### SUPPLIED MATERIAL

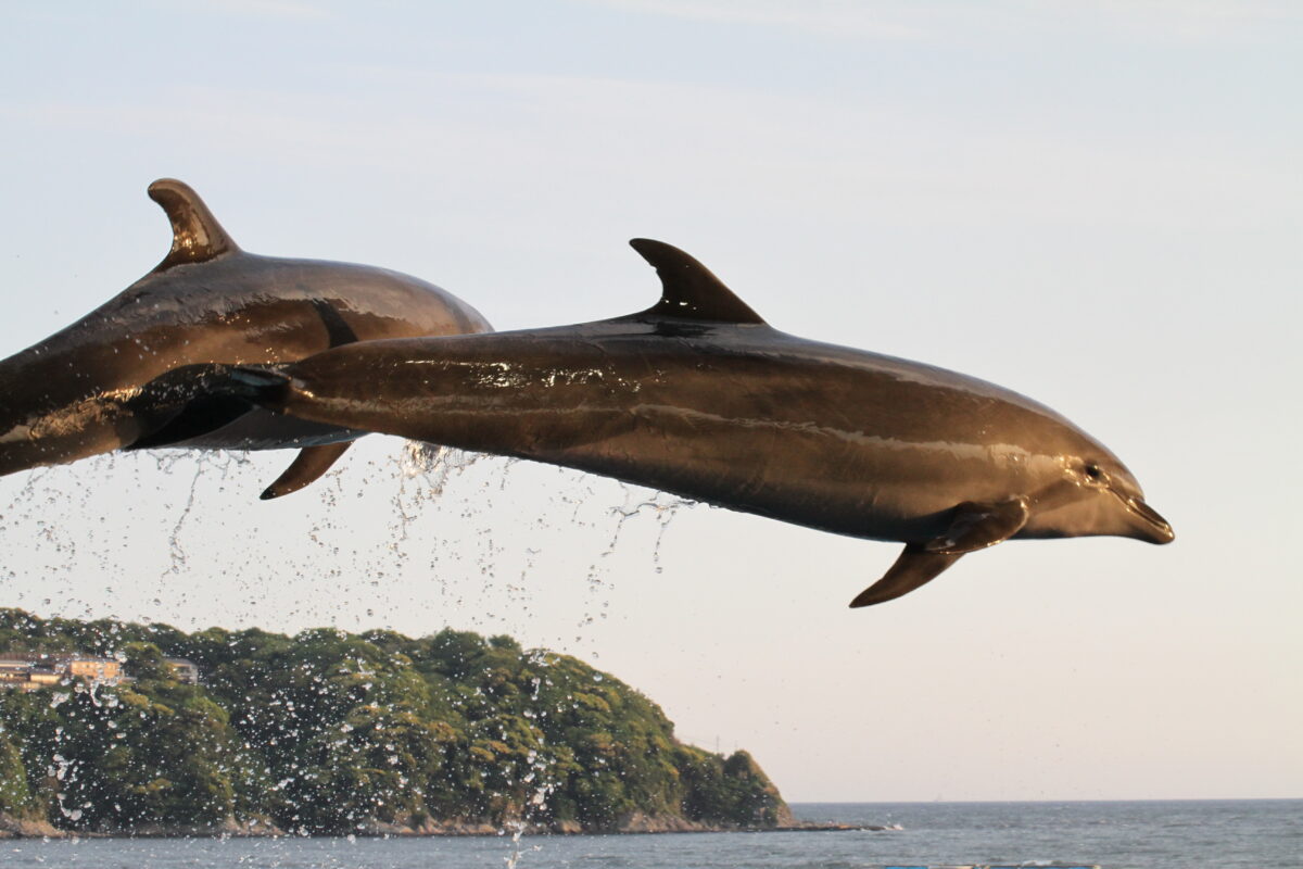 また、イルカショースタジアムは屋外に設置されており、背景には江の島と相模湾が広がります。夕方には、海と江の島、そして夕日を背にした中でショーが行われます。夕方のイルカショーは座席の後ろのほうから景色を見ながら観覧することをおすすめします。
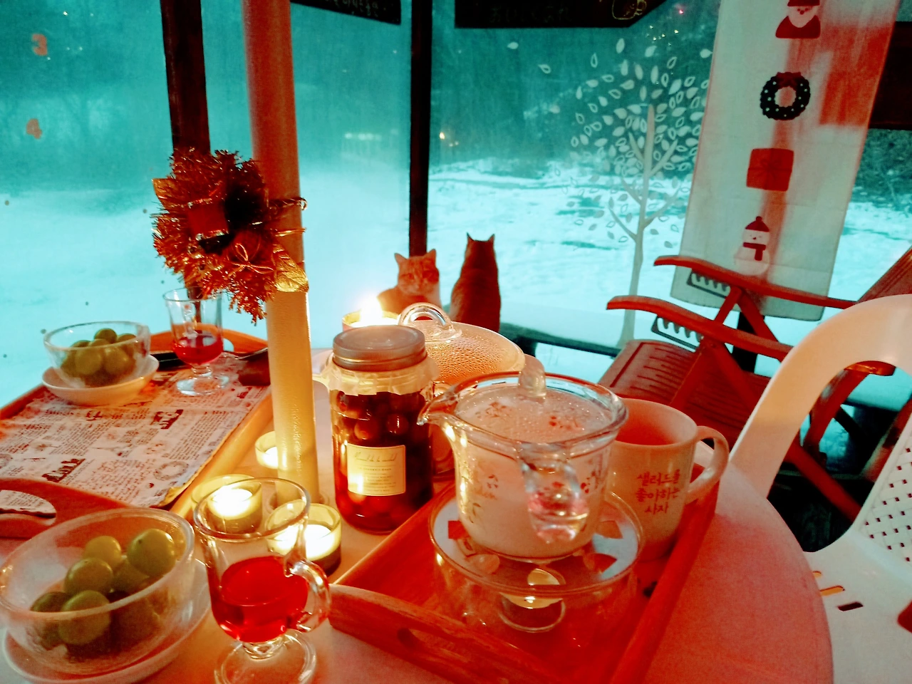 올해도 연말이 다가오자 동생이 마당 고양이들과 테라스에 트리 장식을 했다. 테라스는 고양이들 영역이라 허락을 구해야 한다. 반짝반짝 불빛이 고양이들도 싫지 않은 눈치였다. 하얀 눈이 쌓인 마당을 배경으로 반짝거리는 불빛이 엔딩곡처럼 흘렀다. 마무리엔 불빛이 필요하다. 올 한 해 일상의 기쁨과 슬픔, 고통, 충만, 평안, 공허를 반짝이며 섞어준다. 어느 하루도 나쁘지 않았다고. 모두 신비로웠다고. "너와 함께한 시간 모두 눈부셨다. 날이 좋아서, 날이 좋지 않아서, 날이 적당해서 모든 날이 좋았다"*라고 도깨비도 말하지 않았던가. 크리스마스엔 눈이 또 내렸다. 이따금 먹구름 사이로 볕이 나서 눈도 반짝반짝, 집안엔 장작불이 타닥타닥.
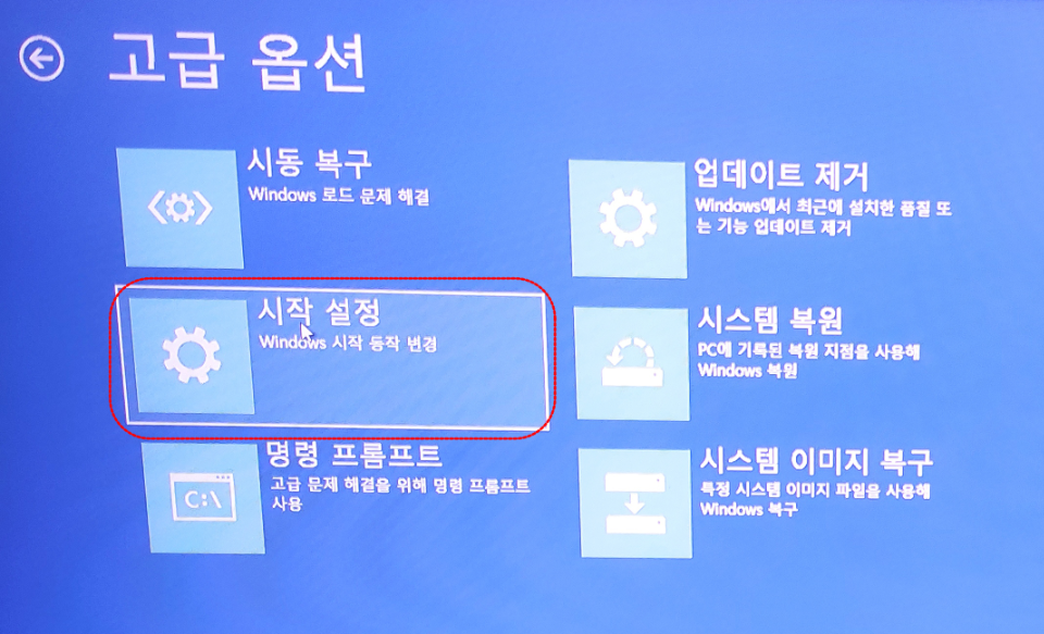 "고급 옵션"메뉴에는 "시동 복구", "업데이트 제거", "시스템 복원", "명령 프롬프트", "시스템 이미지 복구"를 추가로 이용할 수 있습니다.

### TASK REQUIREMENTS
Every line above is to be duplicated exactly; no picture should be carried over.

### OUTPUT FOR THIS TASK
 また、イルカショースタジアムは屋外に設置されており、背景には江の島と相模湾が広がります。夕方には、海と江の島、そして夕日を背にした中でショーが行われます。夕方のイルカショーは座席の後ろのほうから景色を見ながら観覧することをおすすめします。
 올해도 연말이 다가오자 동생이 마당 고양이들과 테라스에 트리 장식을 했다. 테라스는 고양이들 영역이라 허락을 구해야 한다. 반짝반짝 불빛이 고양이들도 싫지 않은 눈치였다. 하얀 눈이 쌓인 마당을 배경으로 반짝거리는 불빛이 엔딩곡처럼 흘렀다. 마무리엔 불빛이 필요하다. 올 한 해 일상의 기쁨과 슬픔, 고통, 충만, 평안, 공허를 반짝이며 섞어준다. 어느 하루도 나쁘지 않았다고. 모두 신비로웠다고. "너와 함께한 시간 모두 눈부셨다. 날이 좋아서, 날이 좋지 않아서, 날이 적당해서 모든 날이 좋았다"*라고 도깨비도 말하지 않았던가. 크리스마스엔 눈이 또 내렸다. 이따금 먹구름 사이로 볕이 나서 눈도 반짝반짝, 집안엔 장작불이 타닥타닥.
 "고급 옵션"메뉴에는 "시동 복구", "업데이트 제거", "시스템 복원", "명령 프롬프트", "시스템 이미지 복구"를 추가로 이용할 수 있습니다.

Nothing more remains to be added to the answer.